Create or return progressive state for a log. This should be idempotent for the same normalized path or supplied session id.

run(path, *, use_progressive=True, final=True)

Return the normal terminal LogSage result for the complete log, reusing any progressive state that was started for the same path. This is invoked from the existing GET /logs stop/end path.

LogSage may internally expose an advance or completion primitive if that is the cleanest implementation, or the NVRx loganalysis tool may drive repeated LogSage calls. Attrsvc does not need a separate public finalize_progressive operation. The important part is that the terminal run can consume any remaining tail bytes, validate the final log state, and produce the same result shape used today.

cancel(handle)

Release resources if the job ends without a final attribution request or the service is shutting down.

Minimum status metadata returned through the NVRx boundary:

handle or session_id

Stable identifier for the progressive analysis.

consumed_offset

Last byte or line offset included in progressive state.

status

pending, running, ready_to_complete, completed, failed, or unsupported.

error

Structured failure reason when status is failed or unsupported.
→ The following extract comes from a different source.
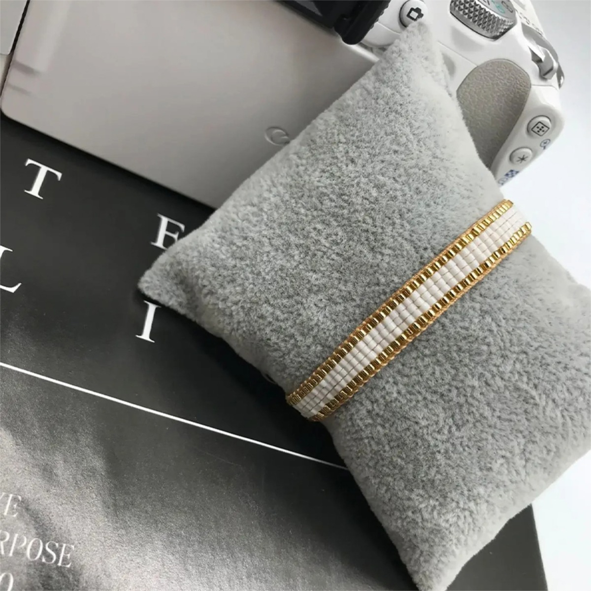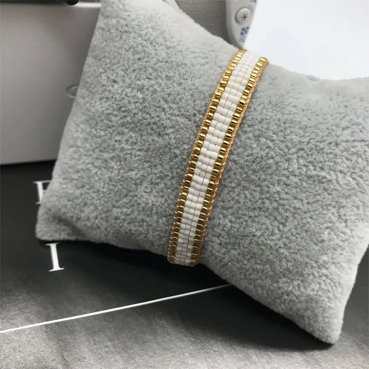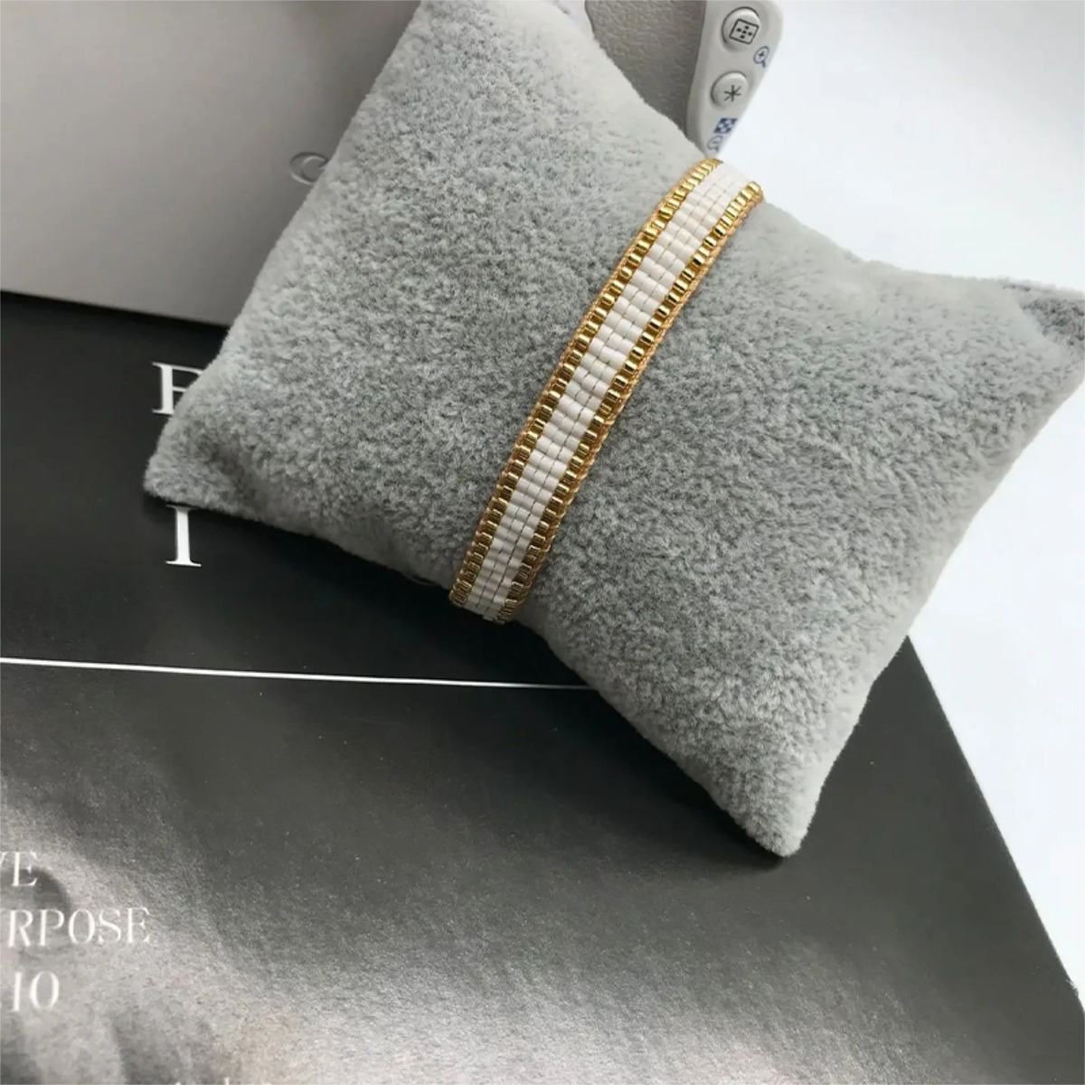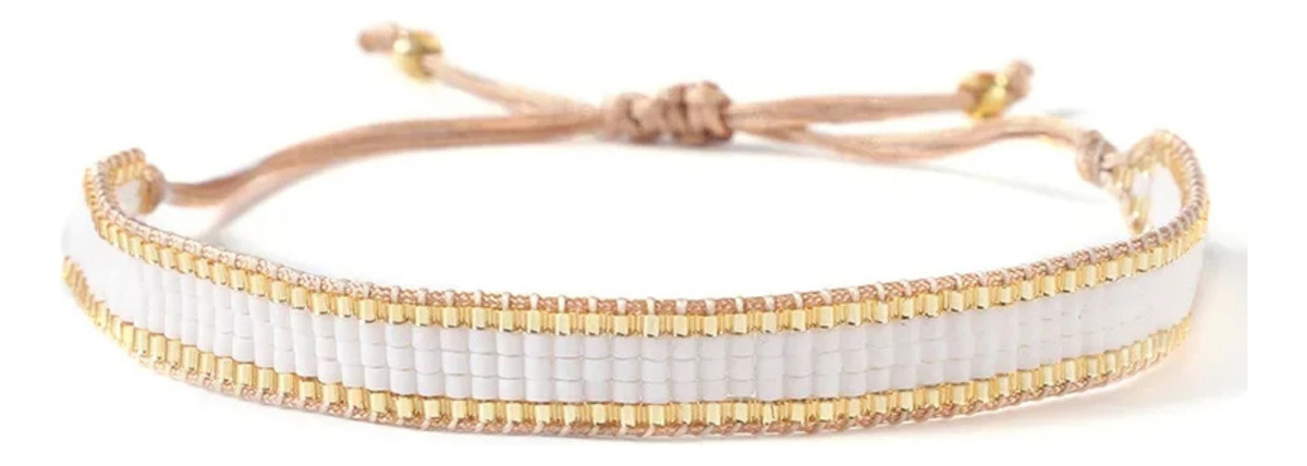 Pulsera Gold Mostacillas Vidrio Diseño Ajustable

The important semantic requirement is that the stop/end run must produce a result equivalent to running terminal LogSage on the complete final file. Attrsvc should not need to understand LogSage’s internal summaries, LLM prompt state, or whether reuse was LogSage-owned or tool-owned.

Validation

  • Unit-test that existing POST /logs requests remain track-only by default.
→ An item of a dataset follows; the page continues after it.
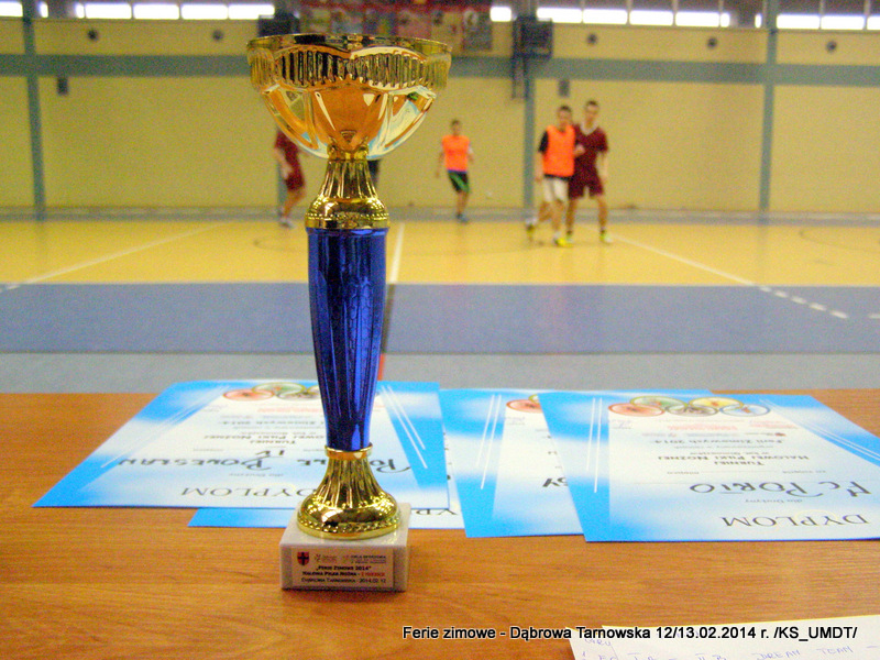W środę 12.02.2014 w Hali Sportowej im Agaty Mróz – Olszewskiej odbył się ostatni turniej piłki nożnej organizowany w ramach Sportowych Ferii w mieście. Do rywalizacji o puchar Burmistrza Dąbrowy Tarnowskiej zgłosiło się dziesięć drużyn: FC Krakus, Dzikusy FC, AVA Grądy, Powiśle Bolesław, FC Wielopole i okolice, Trach, Czerwone Gumisie, FC Porto, Dream Team. Drużyny zostały podzielone na dwie grupy, w których mecze zostały rozegrane każdy z każdym 1 x 7 min. Mecze sędziował Pan Jan Pisarski – któremu serdecznie dziękujemy za bezinteresowną pomoc podczas turnieju.

  • Unit-test that ft_launcher POST sends progressive intent.

  • Unit-test that Analyzer.submit delegates progressive start to the loganalysis boundary only when the feature gate is enabled.

  • Unit-test that the MCP/loganalysis progressive-start operation returns status metadata and does not run terminal attribution.

  • Once LogSage/tool reuse exists, unit-test that the terminal MCP/loganalysis call can request progressive reuse while preserving the existing result shape.

  • Unit-test that service-mode POST with job_id does not initiate progressive analysis by default.

  • Once reuse exists, unit-test GET fallback when progressive state is missing, unsupported, failed, stale, or cannot be used to complete analysis.

  • Unit-test that POST does not return a completed attribution result.

  • Integration-test the full ft_launcher flow with a fake progressive analyzer: POST starts state, log grows, GET returns a normal recommendation through the existing stop/end path.

  • End-to-end validate latency improvement with real LogSage progressive support once available.

Open Questions

  • What exact LogSage API should back log_analyzer_progressive_start and terminal reuse?

  • Should progressive advancement be LogSage-owned after start, or should the NVRx loganalysis tool drive repeated LogSage calls over the growing file?

  • If the NVRx loganalysis tool owns advancement, what polling and concurrency policy should it use?